To date, the primary intermediate pathway in physiological human megakaryocyte and erythroid differentiation, the MEP, has yet to be well defined. In this study we applied single-cell approaches to investigate cellular heterogeneity among classically defined, immunophenotypic MEP in order to refine the cellular pathways leading to megakaryocyte and erythroid lineage commitment.

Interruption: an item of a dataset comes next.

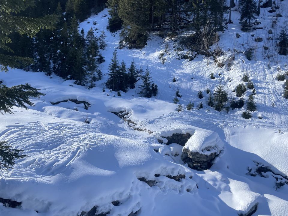 Schnee ab Fieldrich. Abkürzung durch Wald noch mit Schnee. Am Gipfelhang ist die Schneetiefe bescheiden, es schauen viele Steine raus oder lauern unter dem aufgeweichten Schnee. Heute sind fast alle über die östliche Abfahrtsvariante abgefahren um im Pulver zu bleiben, dort schon recht verspurt. Wir sind die westliche Variante gefahren, zwischen 2400 und 2200 m noch guten Pulver gefunden, darunter Sulz, der um 14.00 teils schon recht weich war. In der Fläche wieder Pulver und ab Almweg pistenartig bis Fieldrich.

Single-cell transcriptional profiling of individual MEP cells with a known immunophenotypic profile demonstrated that the CD123-CD45RA- fraction of normal Lin-CD34 + CD38+ cells, previously classified as MEP, does not constitute a homogeneous population of progenitors. Rather, it is composed of at least three subfractions with distinct gene expression and functional capacities—cells enriched for erythroid/megakaryocytic output but with residual myeloid differentiation capacity (“Pre-MEP”), and erythroid-primed and megakaryocyte-primed, bipotent fractions (“E-MEP” and “MK-MEP”) (model, Fig. 7e). Further, considering the relative proportion of these cellular fractions (Fig. 2f) and their differentiation and proliferation efficiencies, we conclude that: (1) only a minority of classically defined MEP cells (~20 %) are truly bipotent cells with the capacity for megakaryocyte and erythroid differentiation as identified by in vitro assays; rather, the vast majority of single MEP cells preferentially generate colonies of exclusively erythroid or megakaryocytic progeny; and (2) there is an overall bias towards erythroid-only output from single MEP cells, as would be predicted by the observed frequencies of lineage-committed erythroid and megakaryocytic cells in normal bone marrow.

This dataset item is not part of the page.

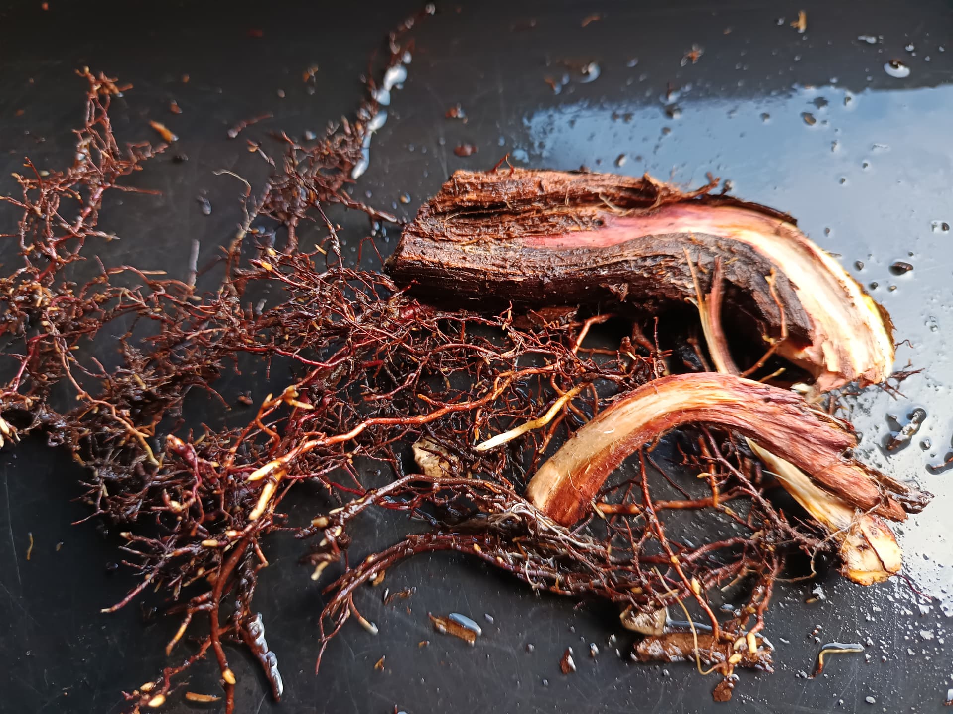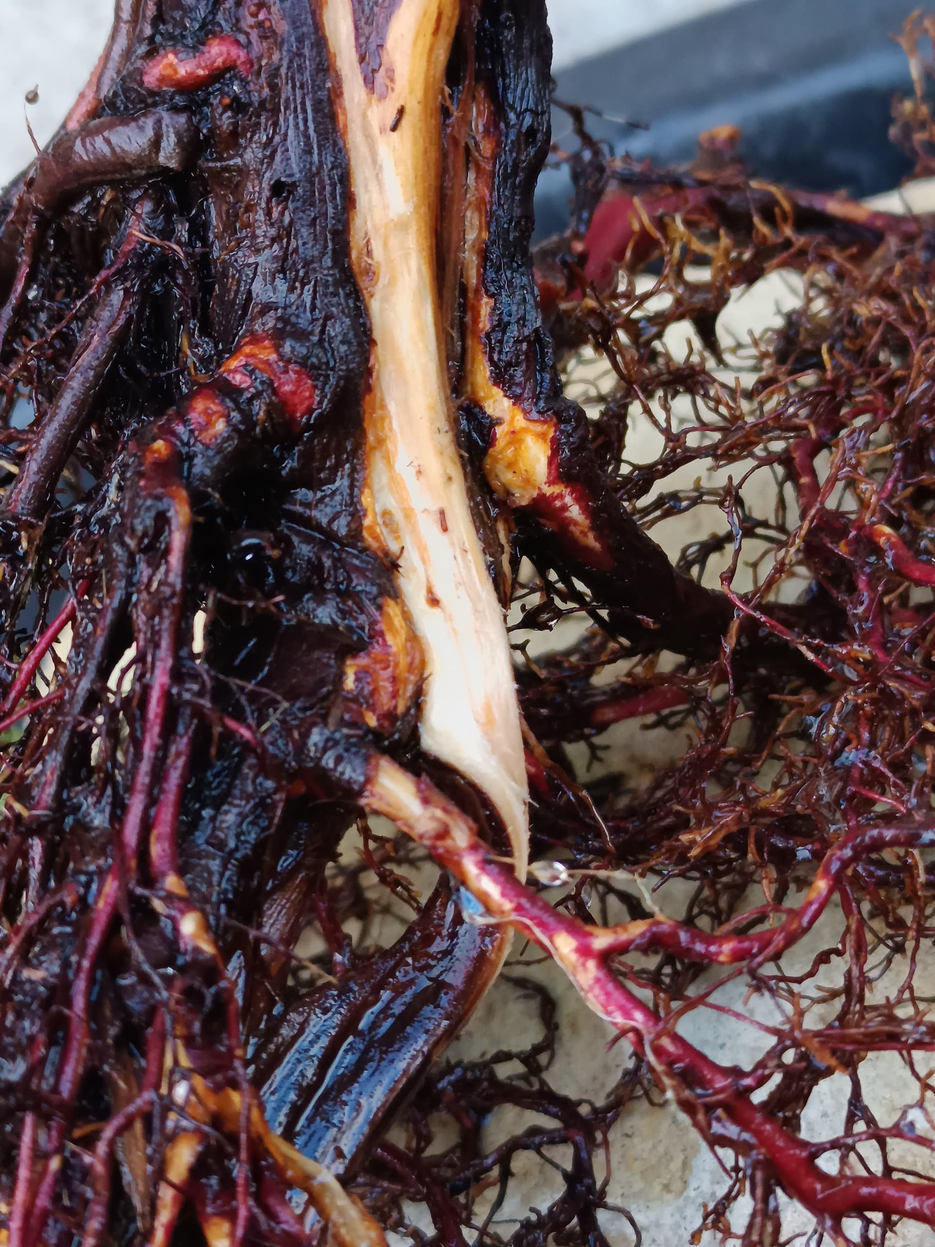 Je trouve à la base du tronc une portion enterrée d’une quinzaine de centimètres qui commence à pourrir, le tronc/racine a dû être coupé à cet endroit lors du prélèvement

This work also demonstrates the power of integrating data from single-cell gene expression profiling and single-cell functional assays together with index sorting data to accurately map the cell surface immunophenotype of each individual sorted cell. As illustrated here, analysis of single-cell gene expression data using higher-level ordination techniques such as PCA may fail to identify less-frequent cellular subpopulations, that are nevertheless clearly distinct when selectively purified and analyzed in larger numbers.

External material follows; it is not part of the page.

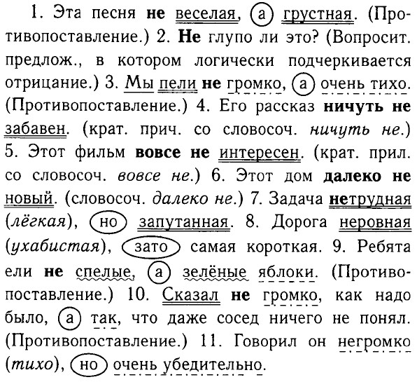 Повторение изученного в 5—7 классах Слитное и раздельное написание не с разными частями речиУпр. 28 Слова, употребляющиеся только с отрицательной частицей не: 1. Глаголы: не был, не имела, не делаются. 2. Краткие причастия: не прочитана, не испорчен, не рассказано. 3. Деепричастия: не глядя, не умея, не приходя. 4. Прилагательные относительные и притяжательные: не мамин, не каменный, не автомобильный, не семейный. 5. Числительные: не три, не пятый, не одиннадцатый. Упр. 29 1. Не годы, а горе старит. (Противопоставление с союзом а.) 2. Старый конь мимо не ступит. (Не с глаголом.) 3. Старость не радость. (Не служит для выражения отрицания.) 4. Ученье — свет, а неученье (синоним — безграмотность) — тьма. 5. Всякая неправда (синоним — ложь) — грех. 6. Не работа, а забота сушит. (Противопоставление с союзом а) 7. От непорядка (синоним — беспорядок) и сильная рать погибает. Упр. 30
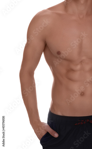 Shirtless man with slim body isolated on white, closeup

Our findings are in keeping with recent insights from single-cell profiling of hematopoietic progenitor cells indicating that a large fraction of these cells are strongly biased towards specific lineage differentiation pathways rather than being multi/oligo-potent cells as suggested in the traditional hematopoietic hierarchical model [3, 7, 39, 40]. In addition, previous studies of murine bone marrow have demonstrated the existence of megakaryocyte-biased oligopotent megakaryocyte/erythroid progenitors  and multipotent progenitors [12, 42], as well as CD71 + CD105- erythroid-primed MEP in human samples . However, this is the first report identifying human, megakaryocyte-biased, bipotent cells and suggesting a strategy for prospective isolation of all three MEP subpopulations and early lineage-committed MKP. Our studies were performed on samples from healthy apheresis donors who had received treatment to mobilize HSC/progenitors from the bone marrow to peripheral blood. As mobilization therapy does not alter the relative proportion of immunophenotypic MEP within the CD34+ cell compartment , we do not anticipate that this will impact on how generalizable our findings will be to other physiological hematopoietic progenitor populations, but this will nevertheless be an important factor consider when applying this novel cell-sorting approach in future studies of MEP. While our study provides insights into the heterogeneity of human MEP using a panel of selected genes, advances in whole transcriptome analysis now allow unbiased analysis of the transcriptome of single cells. Such studies might provide additional insights into novel regulatory pathways and deterministic factors that might govern erythroid versus megakaryocyte commitment.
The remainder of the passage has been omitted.